伝説の青い閃光が、再び路上に躍り出た!
若い人には耳新しい存在なのかもしれないが、アルピーヌといえば、1970年代にはラリーなどのモータースポーツでその名を轟かせた、フランスきっての名門スポーツカーブランドである。
なかでもスタープレーヤーとしての人気を誇ったのが、1963年に登場した「A110」。RR(リアエンジン・リアドライブ)というポルシェ911と同じ個性的な構造から、モーターファンたちの間ではしばしば仏独の好敵手と目され、注目を集めてきた。そんなアルピーヌが紆余曲折を経てついに蘇り、昨年から日本でもローンチされたのだ。
蘇ったモデルの名前は往年のスタープレーヤーと同じ「A110」であり、独立型の4灯式ヘッドランプをはじめとするデザインボキャブラリーもオリジナルを継承するが、その内容は大きく異なる。復刻したのはその名前とレガシーであり、中身は最新鋭のテクノロジーの粋を集めたものとなっている。
ライトウェイトスポーツの鑑
低く構えた流麗かつアグレッシブなスタイルは、まさにスポーツカーそのもの。構造は、かつてのRRからMR(ミドシップエンジン・リアドライブ)へと変更。1.8L直4ターボエンジンは、最高出力252psを叩き出す。全長4205×全幅1800×全高1250mm、車両重量1110kg(A110ピュア)、1130kg(A110リネージ)というライトウェイトスポーツの鑑というべきもので、年々車体サイズが大きくなっていく自動車業界にあって、清々しいほどの割り切りとして好印象を受ける。

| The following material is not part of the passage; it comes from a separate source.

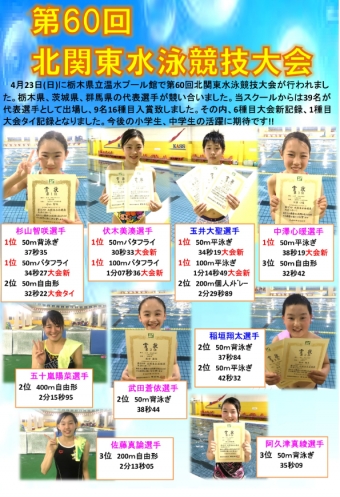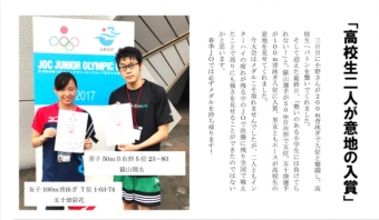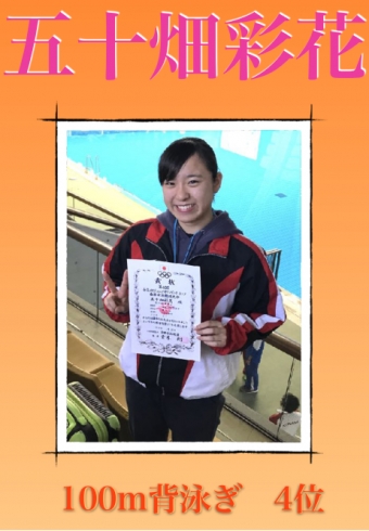 | 第40回全国JOCジュニアオリンピックカップ夏季水泳競技大会において、 <女子チャンピオンシップ100m背泳ぎ> ☆五十畑彩花選手☆ 1分03秒74 ★8位入賞★ <男子15~16歳50m自由形> ☆猿山翔太選手☆ 23秒83 ★5位入賞★ |

人も荷物も載って、高速道路もオフロードも走れる――そんなコンセプトのSUVが全盛の昨今、運転して純粋に気持ちのいい車を、その輝かしい伝説に重ねて蘇らせてくれたことに、感謝の念すら覚えるほどだ。
乗員数は2名だから、これ1台では3人以上の家族旅行にも行けないし、サーフボードもBBQセットも載せられない。不便な点はいろいろあるが、それゆえの走りに対するピュアな情熱が、この車をあらゆるディテールから形づくる。リアに向けて深く絞り込まれたサイドラインと、尻下がりのショルダーライン。無駄な贅肉を微塵も感じさせない造形は、停まっていても疾走感を漂わせる。
レーシーな仕様が昂ぶらせる、質感の高いインテリア
中に目を向けると、フローティング式のセンターコンソールや、ダイヤ柄ステッチの入ったサベルト社製フルバケットシート、センターステッチの入ったフラットボトムステアリングなど、随所に盛り込まれたレーシーな仕様が走る前から心を昂ぶらせる。
ドアの内張りに採用したトリコロールは、フレンチスポーツとしてのアイデンティティを誇らしげに主張する。
「A110」には、そのサイズゆえちょっとした工夫や手間は必ず必要になる。だが、それを面倒と思わせないだけの魅力がある。個性がある。ほかの何にも似ていない、唯我独尊の存在。「誰とも被らない自分」を目指す男には、これ以上の選択肢はないだろう。